**PROBLEM STATEMENT**
Set down, exactly and with nothing added, the lines running from the one that holds "- A variety" to the final line of the records. Pictures stay out of the copy.

_ _ _ _

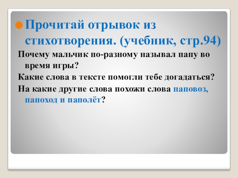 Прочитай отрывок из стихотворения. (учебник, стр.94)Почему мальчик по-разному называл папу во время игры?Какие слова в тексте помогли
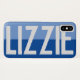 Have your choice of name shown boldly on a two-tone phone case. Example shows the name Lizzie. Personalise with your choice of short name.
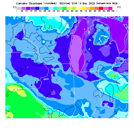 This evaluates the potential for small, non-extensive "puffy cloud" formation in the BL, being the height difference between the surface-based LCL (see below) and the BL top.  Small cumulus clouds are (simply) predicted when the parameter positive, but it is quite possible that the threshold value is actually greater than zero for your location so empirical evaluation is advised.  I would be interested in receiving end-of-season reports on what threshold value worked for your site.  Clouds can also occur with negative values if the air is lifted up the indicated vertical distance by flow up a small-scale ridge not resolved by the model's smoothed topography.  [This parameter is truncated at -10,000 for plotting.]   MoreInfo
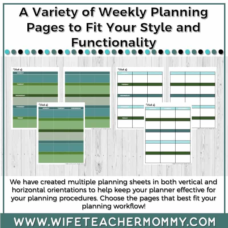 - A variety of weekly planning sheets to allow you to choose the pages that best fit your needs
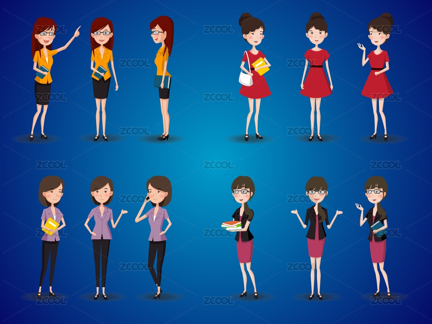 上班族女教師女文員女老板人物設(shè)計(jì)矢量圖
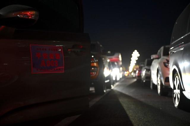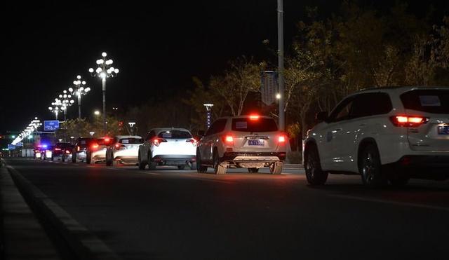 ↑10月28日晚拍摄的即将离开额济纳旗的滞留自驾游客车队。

_ _ _ _

**SOLUTION FOR THIS TASK**
 - A variety of weekly planning sheets to allow you to choose the pages that best fit your needs
 上班族女教師女文員女老板人物設(shè)計(jì)矢量圖
 ↑10月28日晚拍摄的即将离开额济纳旗的滞留自驾游客车队。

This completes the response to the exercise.